This avoids a whole lot of fringe casse, like there being enough Oxygen to run a engine - just not at the ground, where CO2 gathers.
Fuel is abstracted, to be easily useable (nevermind it being called Oil in reports - it is clearly not what it is!)
It can stand for fosil fuel, some metahne compounds or evne Liquid Energy - whatever the heck that is.
Rockets provide two things to work where they do:
a) A oxydiser (ironically it is rarely Oxygen, as it is not that good of a Oxydsier)
b) Reaction mass
The Ion Thrusters do not need the Oxydiser (given that it is a Magneto-Electric engine), but still need to provide their onw Reaction mass.
RE: Engines and Oxygen
Hmm, having oxidizer as part of the fuel would be a Very Bad Thing for a military vehicle. Petrol tanks are relatively safe only because the large amount of fuel in them is exposed to very little oxidizer. If the fuel spills and thus comes into contact with a large amount of oxygen, it becomes extremely flammable. On the other hand if the fuel is already self-contained and is only missing ignition (even if its formula is such that it requires high temperatures to ignite), in the realities of war that ignition can be provided by a lot of things like enemy fire or loading accidents. This would be worse than having engines run on gunpowder. It could work by having the fuel require some very specific catalyst but I'm not sure if it's possible with hydrocarbons.
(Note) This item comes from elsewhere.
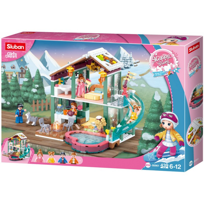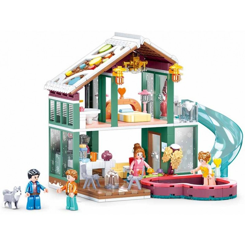 Този конструктор от Sluban ще ви предостави една приятна почивка през зимата в този СПА хотел, който ще ви предложи басейн, външна пързалка, стай за отдих и какво ли още не. Време е да стегнете куфарите и да се отправите на път към зимния курорт.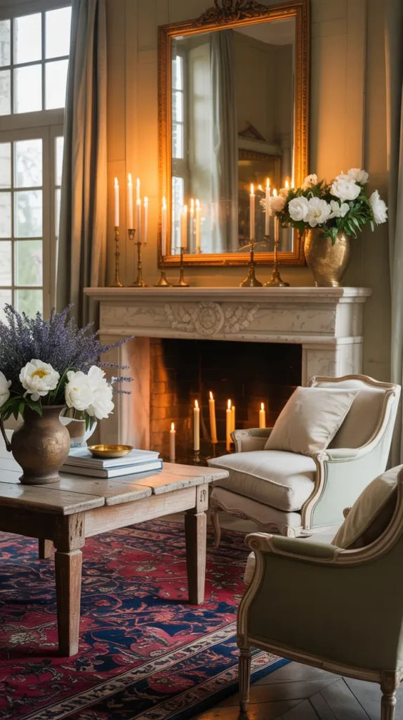 Instead of heavy styling, designers keep the mantel minimal so the material can breathe. A gilded mirror, small artwork, or a few candlesticks are enough. The fireplace should feel like part of the home’s history rather than a decorated surface. The imperfections are what make it beautiful — symmetry is less important than authenticity.

Or more likely carrying the fuel and oxidizer separately and only mixing them in the engine - which is again, the "bring-your-own-oxygen" setup, which runs into problems in real life, since with the fuel-air ratio of combustion engines for every 1 kg of fuel you'd need to carry something on the order of 15 kg of air, or around 3 kg of pure oxygen (though pure oxygen setups are impractical IRL due to too high temperature it leads to) or about 6 kg of N2O). And fuel-hungry vehicles like tanks are already very limited in the amount distance they can cover on a full tank.
edit: fixed a number
edit: fixed a number
RE: Engines and Oxygen
There is this secret technique called "use two tanks, damit!"Hmm, having oxidizer as part of the fuel would be a Very Bad Thing for a military vehicle.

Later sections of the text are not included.